Моргон и Рэдерле остановились на ночлег раньше, чем обычно, – слишком уж они были изнурены жарой и однообразием дороги. Моргон покинул свою спутницу, мывшую голову в реке, и прошел с полверсты до трактира, который они недавно миновали, чтобы купить чего‑ нибудь съестного и послушать новости от торговцев и земледельцев. Трактир был набит битком: торговцы обменивались сплетнями, нищие музыканты играли на всем, что могло издавать звук, – кроме арфы, играли за миску похлебки и ломоть хлеба; богатые купцы, землепашцы, семейства, выглядевшие так, словно бежали из своих домов куда глаза глядят, взвалив на спины все, что удалось унести.

Воздух в трактире был тяжелым от винных паров и людского гула. Моргон, выбрав наугад густой и оживленный голос за дальним столом, пошел на него, словно на зов музыкального инструмента.

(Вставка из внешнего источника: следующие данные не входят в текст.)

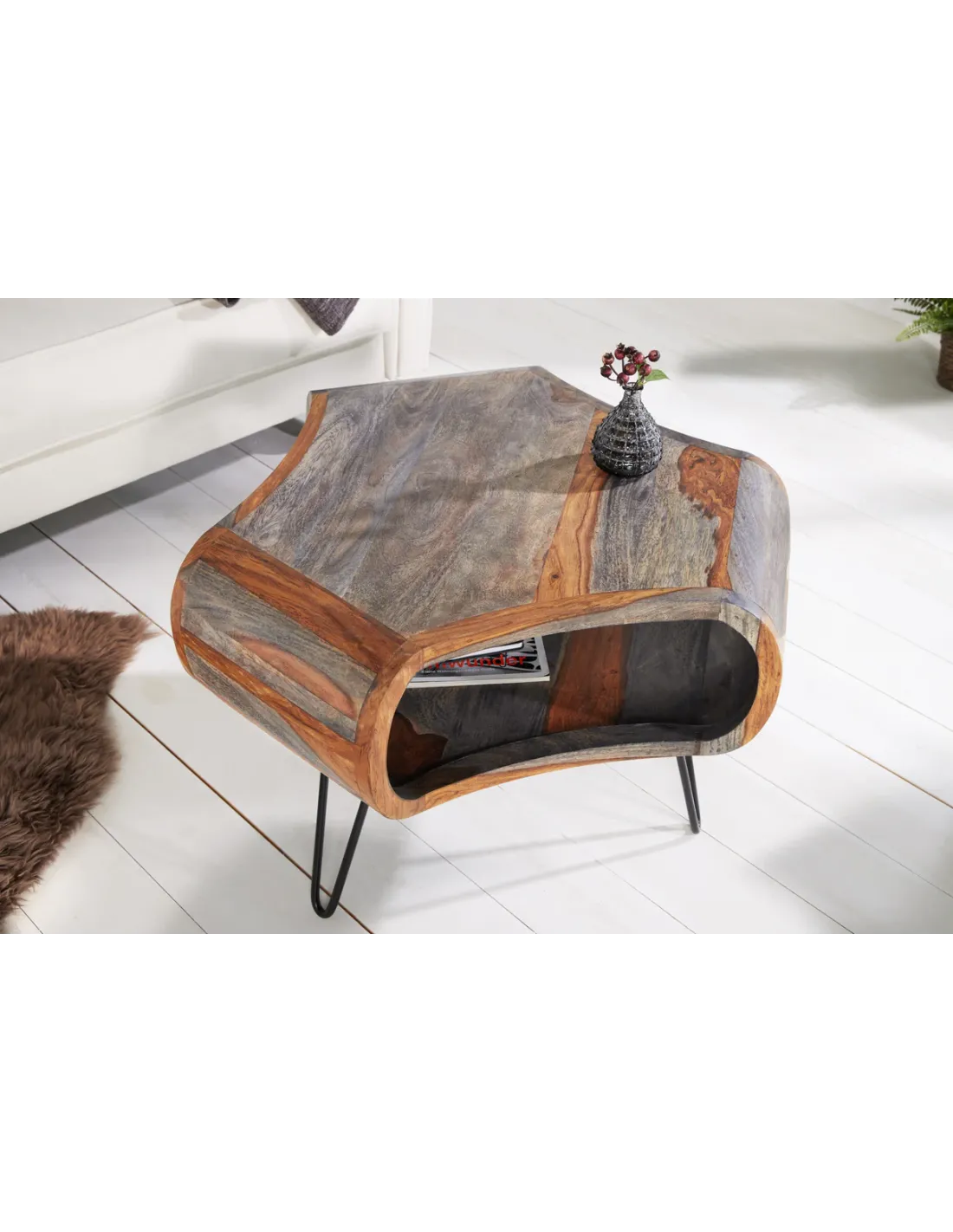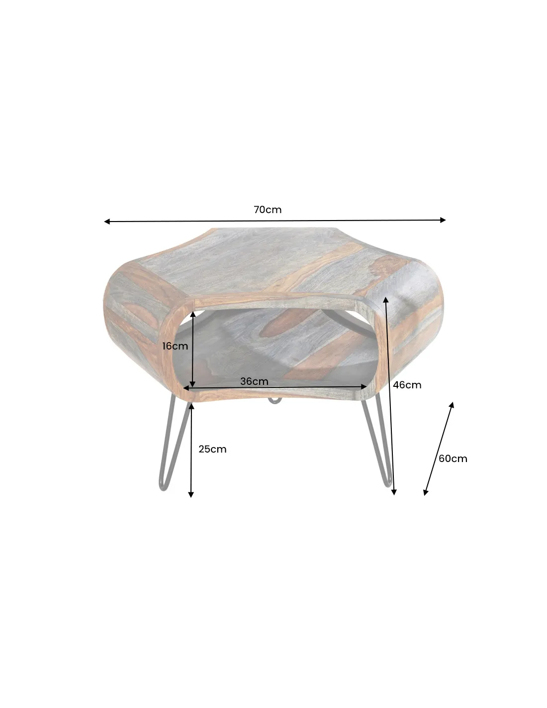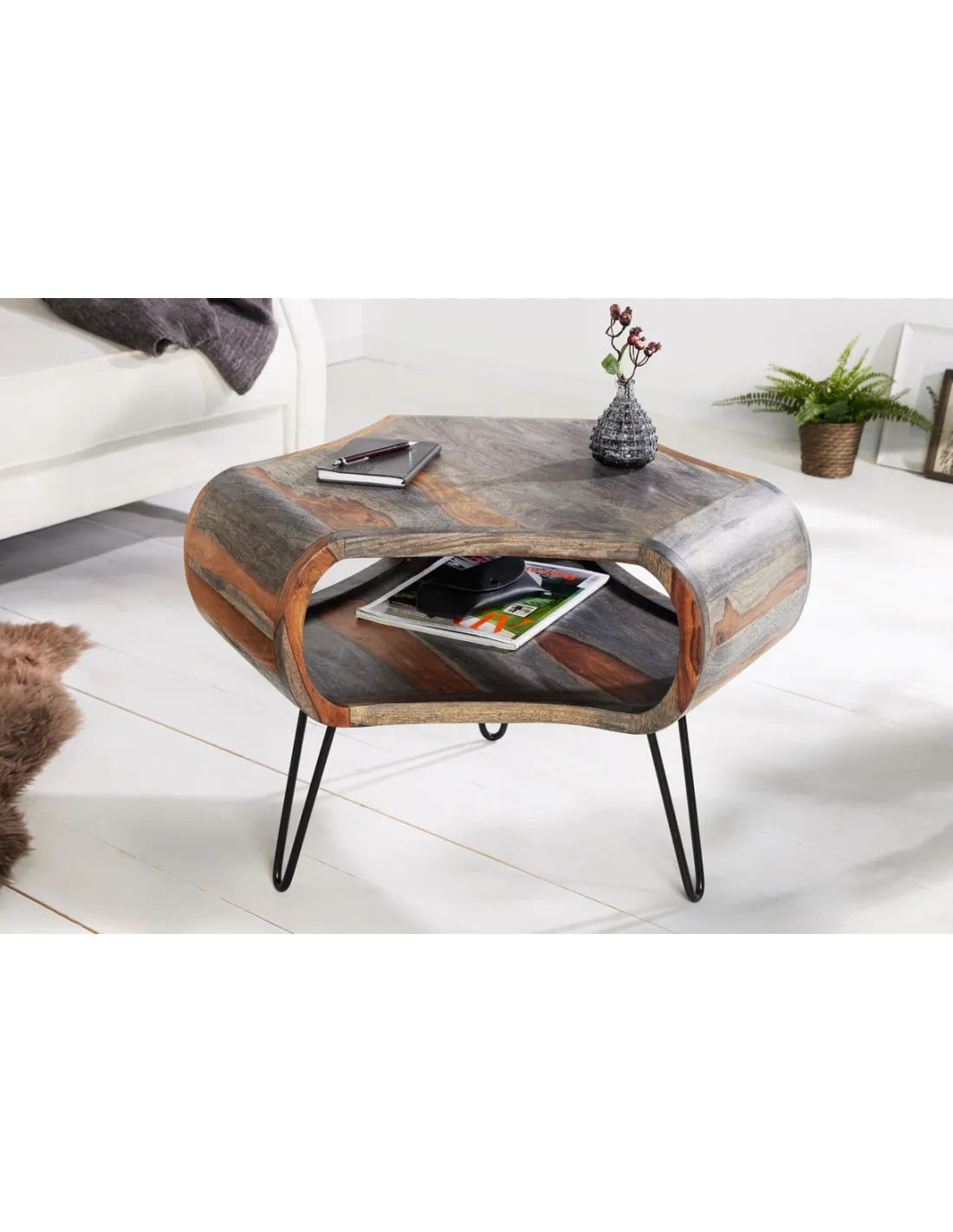 Table basse ORGANIC LIVING 70 cm en bois de sheesham gris
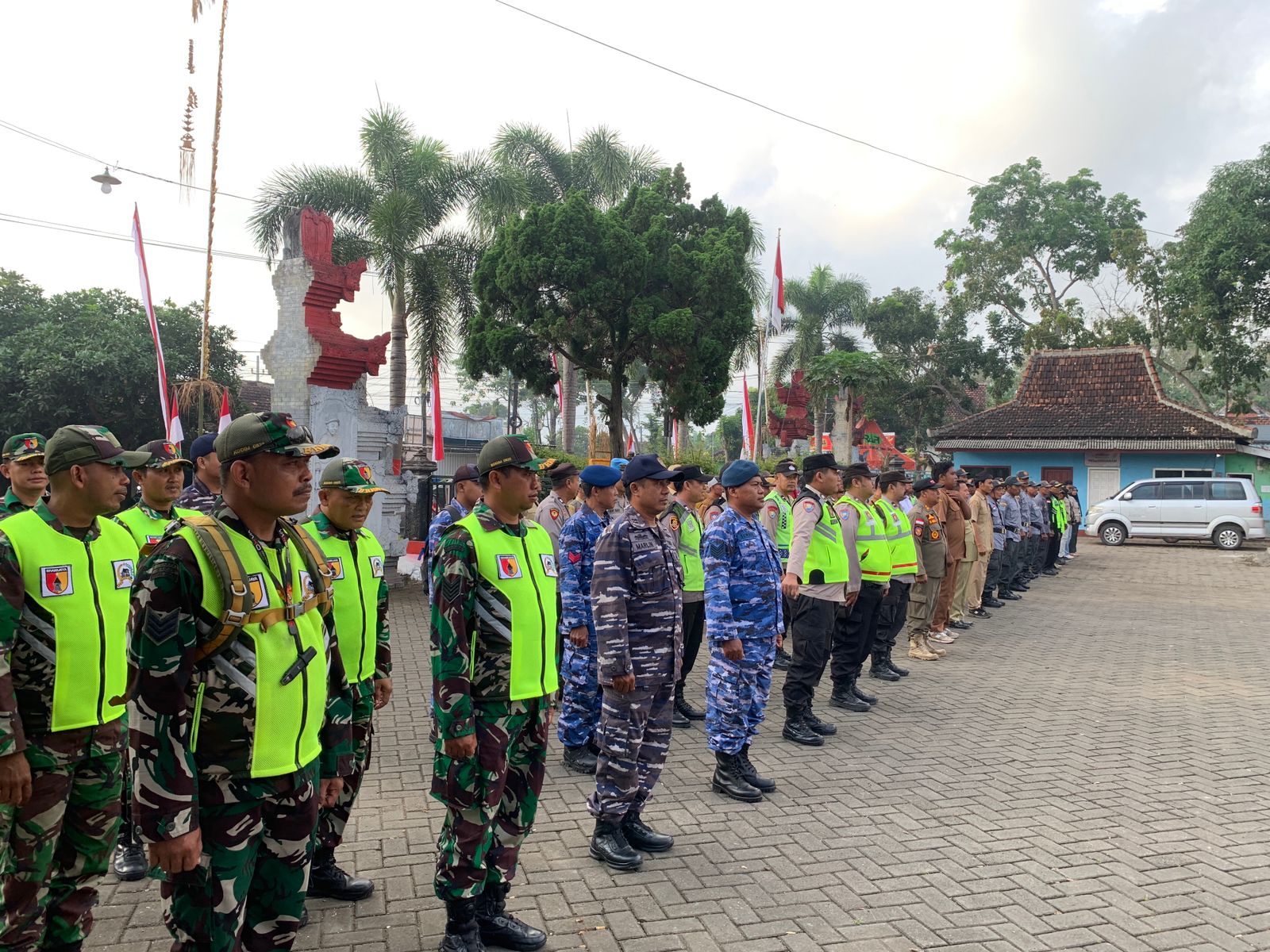 Apel dipimpin langsung oleh Kapolsek Pesanggaran AKP Maskur, Camat Pesanggaran Andik Basuki, Danramil 0825/11 Kapten Arh Edy S, dan Kabag Ren Polresta Banyuwangi Kompol Sudarsono. Usai apel, dilakukan pembagian sektor pengamanan, makan pagi bersama, dan pergeseran personel ke titik-titik strategis.
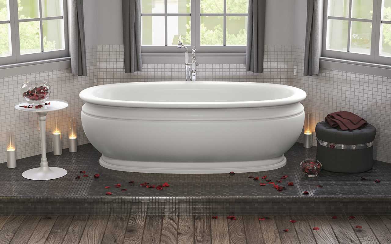 The main detail is the bathroom. It is installed in the center of the room on a specially prepared podium. Otherwise, it should have bent legs, manual production. Look great cast iron or marble version of it. It is characterized by soft and smooth lines, the presence of a headrest, which is slightly raised. As for the color, it is dazzling white, the shape is oval.
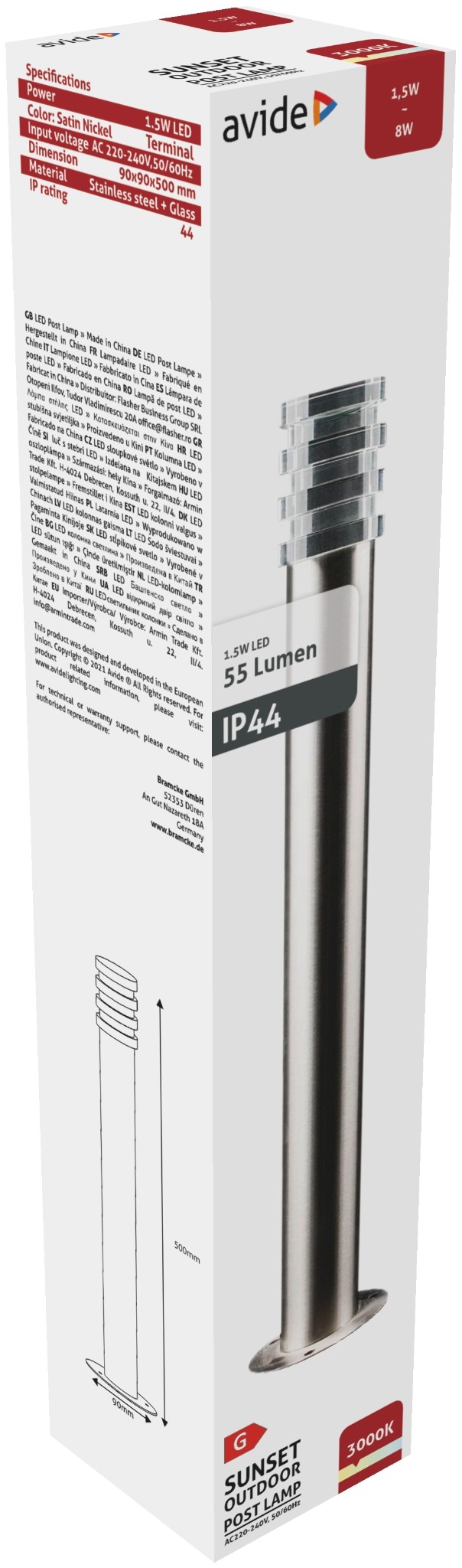 Avide kültéri álló lámpa Sunset LED 1.5W WW 500mm IP44 Szatén Nikkel | BR (SKU:AOLPL-SUN-WW-SN)

– Двадцать лет, – говорил сидящий за столом человек. – Двадцать лет я жил через улицу оттуда. Я продавал в своей лавке дорогие ткани и меха со всех концов Обитаемого Мира и никогда не видел ничего больше, чем какую‑ нибудь не так падающую тень в развалинах древней школы. Но однажды, поздно ночью, когда проверял счета, я заметил в разбитых окнах огни... Никто и никогда не приближался к развалинам, особенно по ночам, – даже те, кто не прочь поживиться, – от этого места за три версты разило бедой. Так что для меня оказалось достаточно вида этих огней. Я забрал из лавочки все, все до последнего свертка ткани, поручил передать моим покупателям, чтобы те искали меня в Кэйтнарде, и смылся. Если в городе назревает новая война чародеев, я предпочитаю быть на другом краю Обитаемого Мира.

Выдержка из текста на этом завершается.